LABEL.build_vocab(train)

# make iterator for splits
train_iter, test_iter = data.BucketIterator.splits(
    (train, test), batch_size=3, device=0)



In [52]:
next(iter(train))

<torchtext.data.example.Example at 0x7f4e26b343c8>

Well, wtf? 

How can I access this example?

In [53]:
example = next(iter(train))
example

<torchtext.data.example.Example at 0x7f4e26b343c8>

In [54]:
example

<torchtext.data.example.Example at 0x7f4e26b343c8>

In [55]:
example.text

"I thought that Baseketball was one of the most funniest films i have ever seen! It's witty humour made me giggle all the way through, and the fact that Trey and Matt are so over the top, boosts the film's comedy. <br /><br />I have just bought Baseketball on DVD and its just one of those movies where you would never get tired of watching it. I have a very short attention span and i think this film has so any funny bits that it keeps me entertained throughout.

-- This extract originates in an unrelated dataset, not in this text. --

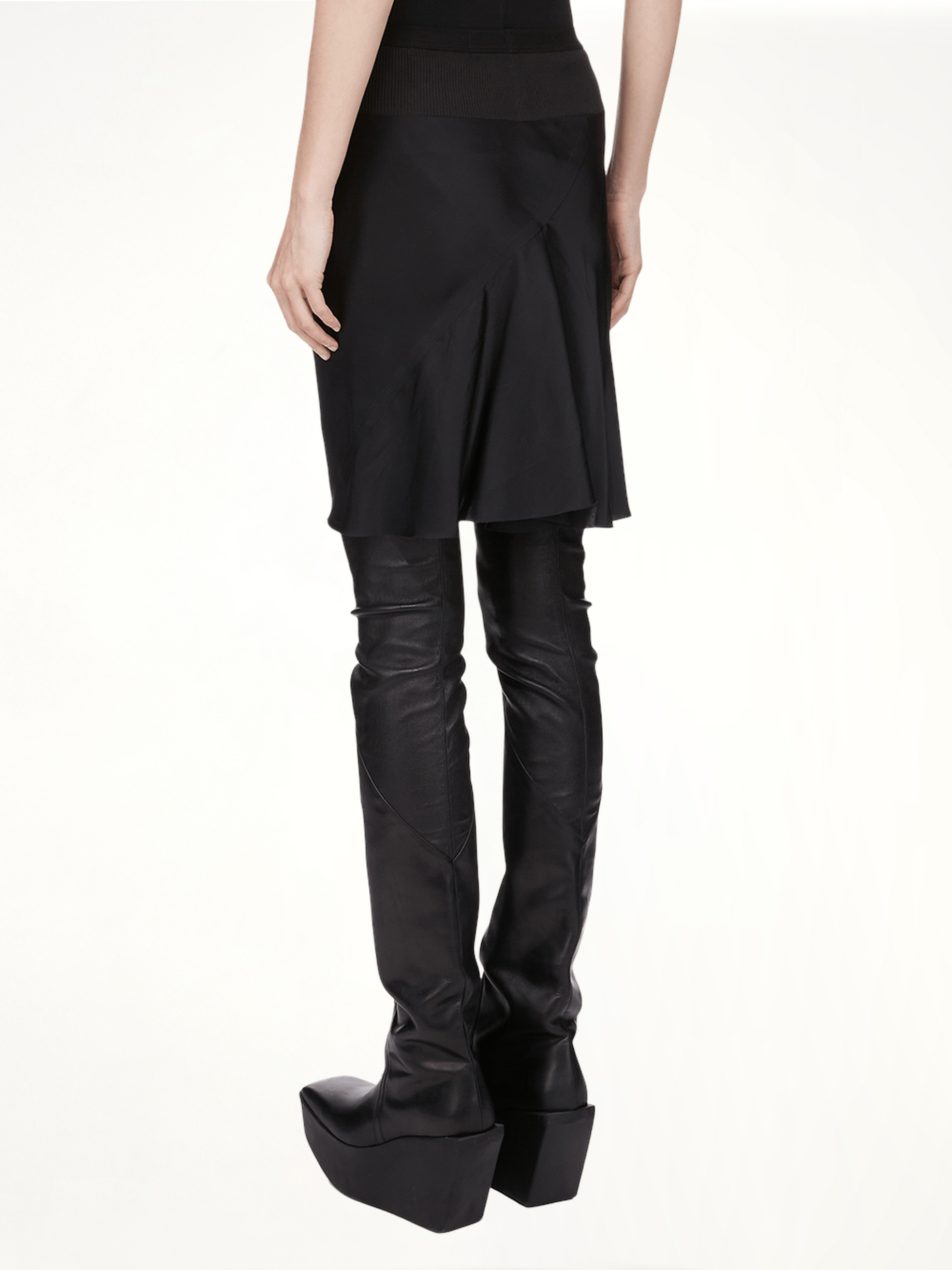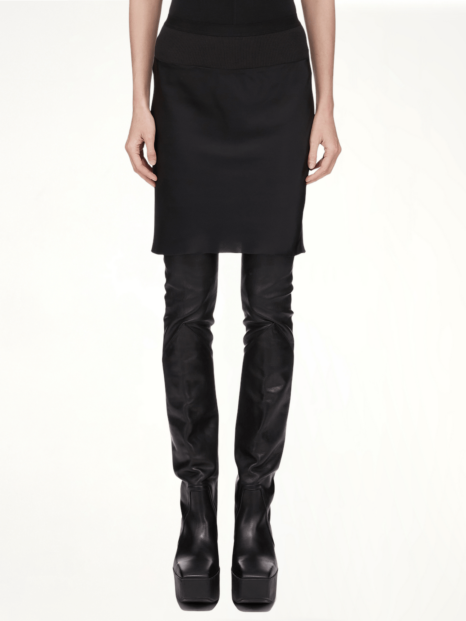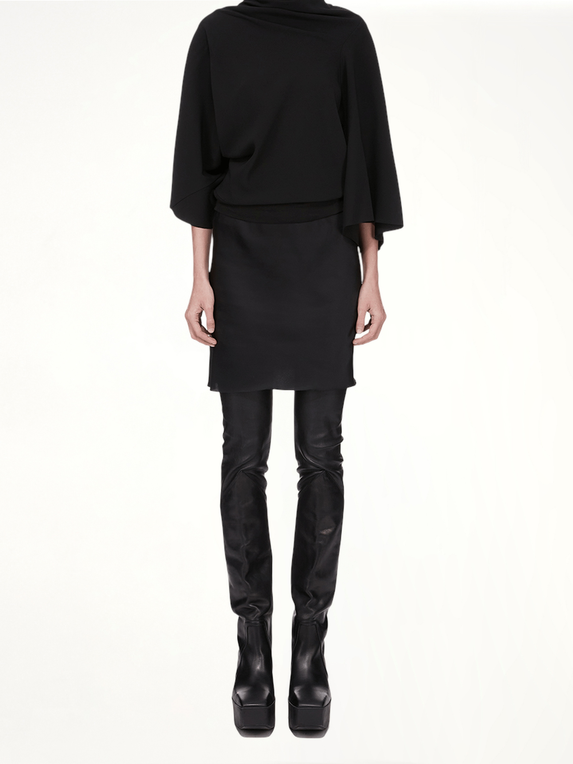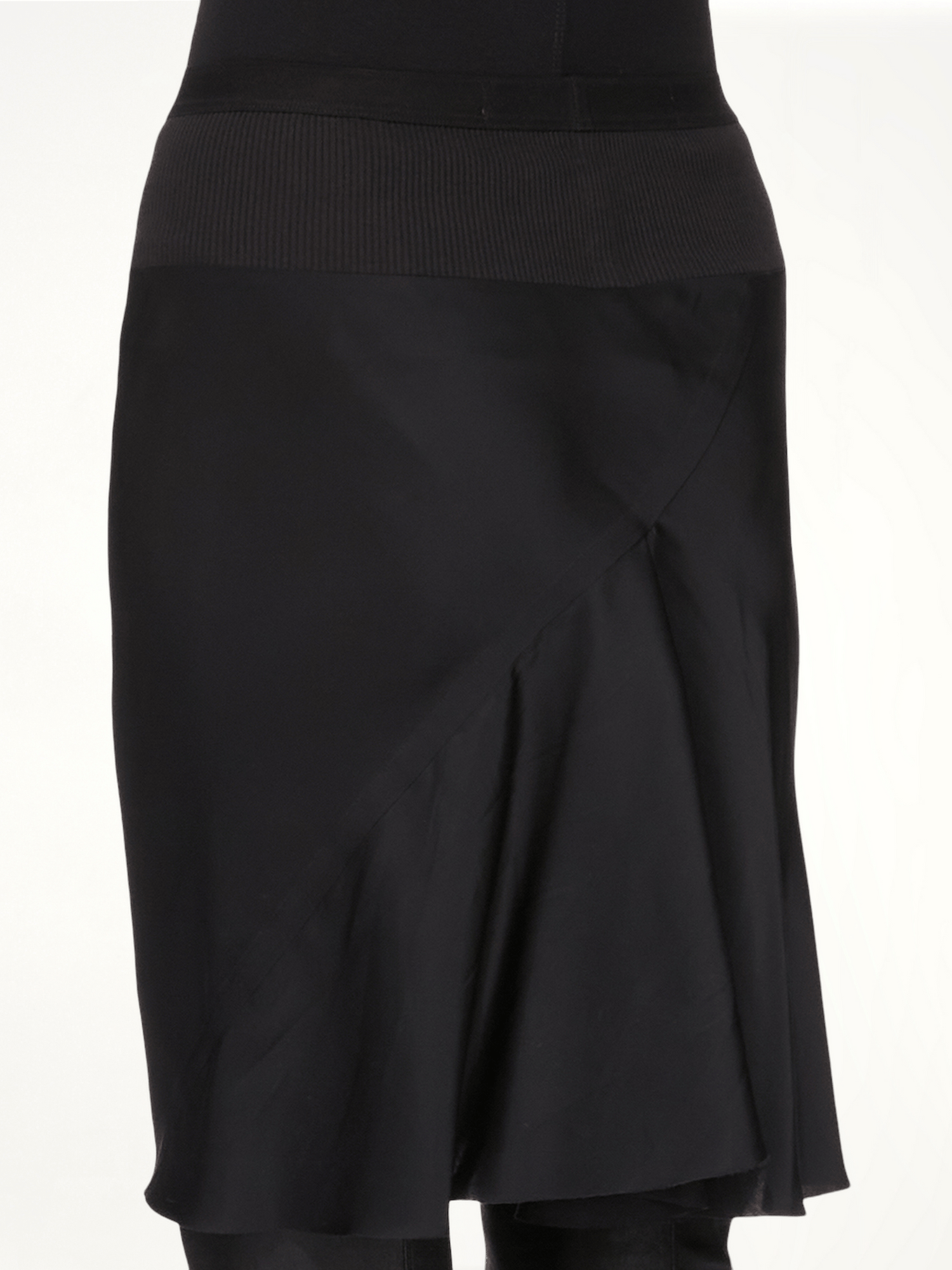 Rick Owens's Short Bias Skirt in Black is a sophisticated piece that embodies the designer's avant-garde aesthetic. This skirt features a unique bias cut that drapes elegantly, offering a modern silhouette.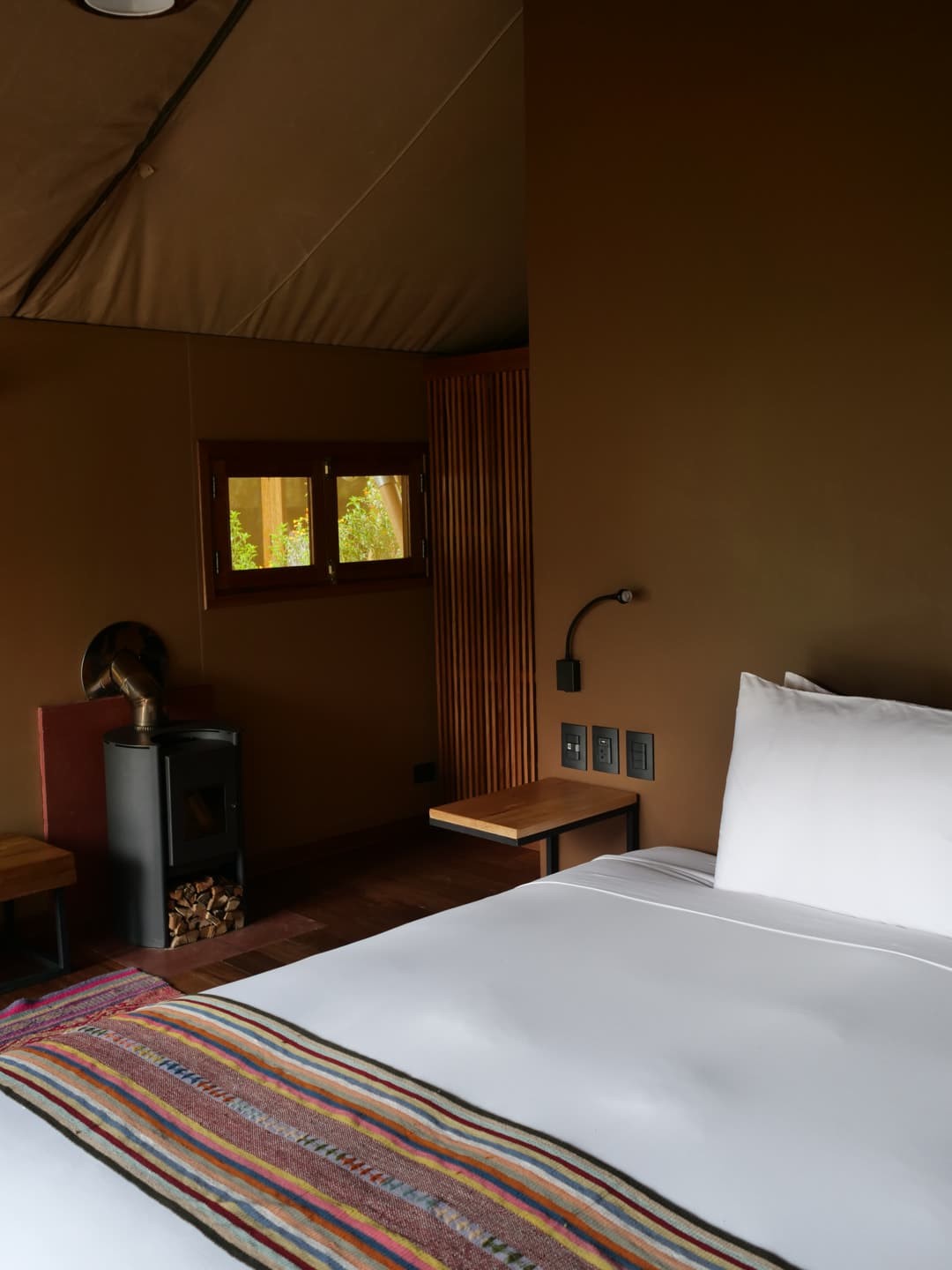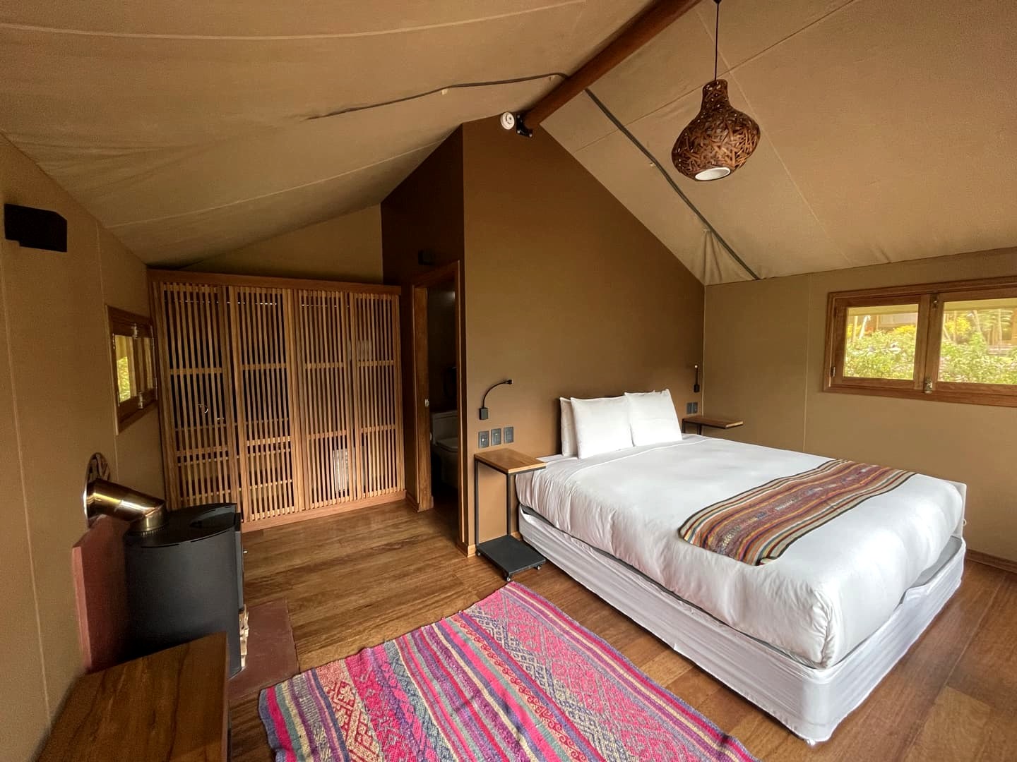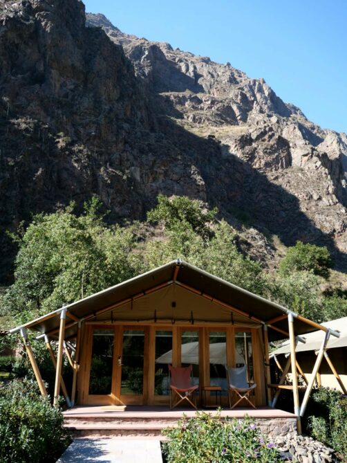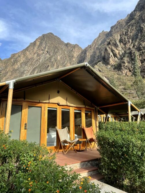 On est sur du glamping de luxe ici, avec des tentes tout confort, un grand lit ultra confortable, un chauffage électrique doublé d’un chauffage au bois (qu’ils viennent allumer pour vous tous les jours vers 17h si vous le souhaitez !), une grande salle de bain avec douche, une terrasse avec vue grandiose sur les montagnes… C’est vraiment très calme : on n’y entend que les bruits de la nature (avec des colibris partout en prime !). Bref, c’est l’endroit parfait pour se relaxer et se déconnecter (vu qu’en plus le réseau n’est pas top – mais comme souvent au Pérou).

The humorous quotes are memorable, and can make me laugh for hours if i remember them later..<br /><br />So overall i think that Baseketball is brilliant movie which everyone should go see, especially if you're younger like me as it will keep you laughing for a long time afterwards. <br /><br />P.s Does anybody think its weird for me to like them both? hehe"

In [56]:
example.label

'pos'

In [57]:
len(train)

25000

In [58]:
len(example.text.split())

153

Torchtext is not that useful, I won't use it.